**Source data:**
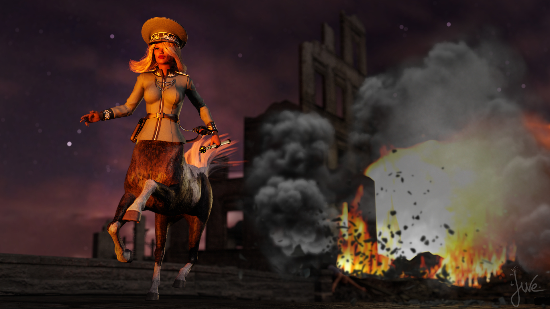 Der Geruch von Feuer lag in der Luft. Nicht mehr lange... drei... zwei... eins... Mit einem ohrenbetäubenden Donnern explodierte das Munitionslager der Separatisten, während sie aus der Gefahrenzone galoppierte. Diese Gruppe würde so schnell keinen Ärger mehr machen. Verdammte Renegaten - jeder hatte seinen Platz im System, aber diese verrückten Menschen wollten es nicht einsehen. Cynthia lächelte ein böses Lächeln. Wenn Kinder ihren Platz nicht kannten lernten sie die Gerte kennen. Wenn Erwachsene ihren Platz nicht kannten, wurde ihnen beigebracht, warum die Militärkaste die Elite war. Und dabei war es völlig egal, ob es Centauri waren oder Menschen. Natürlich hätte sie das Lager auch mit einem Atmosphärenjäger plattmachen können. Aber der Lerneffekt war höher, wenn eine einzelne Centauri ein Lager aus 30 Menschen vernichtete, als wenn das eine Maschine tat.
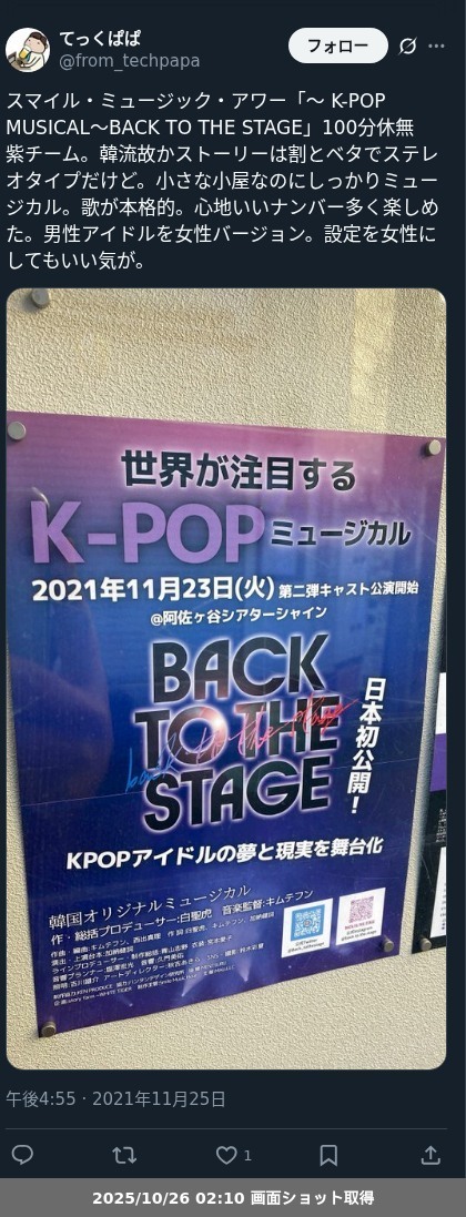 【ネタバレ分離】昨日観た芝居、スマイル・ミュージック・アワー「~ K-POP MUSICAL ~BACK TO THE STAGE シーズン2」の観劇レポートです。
...
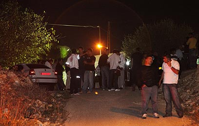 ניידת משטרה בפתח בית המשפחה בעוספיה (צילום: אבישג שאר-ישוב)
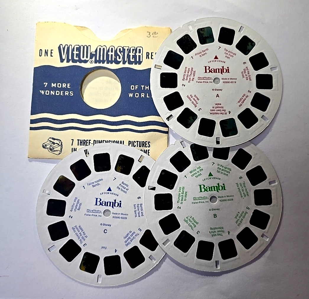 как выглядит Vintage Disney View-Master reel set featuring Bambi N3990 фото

**Work instructions:** Within the material above, find the part that opens with the line containing "ניידת משטרה בפתח" and closes with the line containing "как выглядит Vintage", and reproduce it exactly without the pictures.

**Task answer:**
 ניידת משטרה בפתח בית המשפחה בעוספיה (צילום: אבישג שאר-ישוב)
 как выглядит Vintage Disney View-Master reel set featuring Bambi N3990 фото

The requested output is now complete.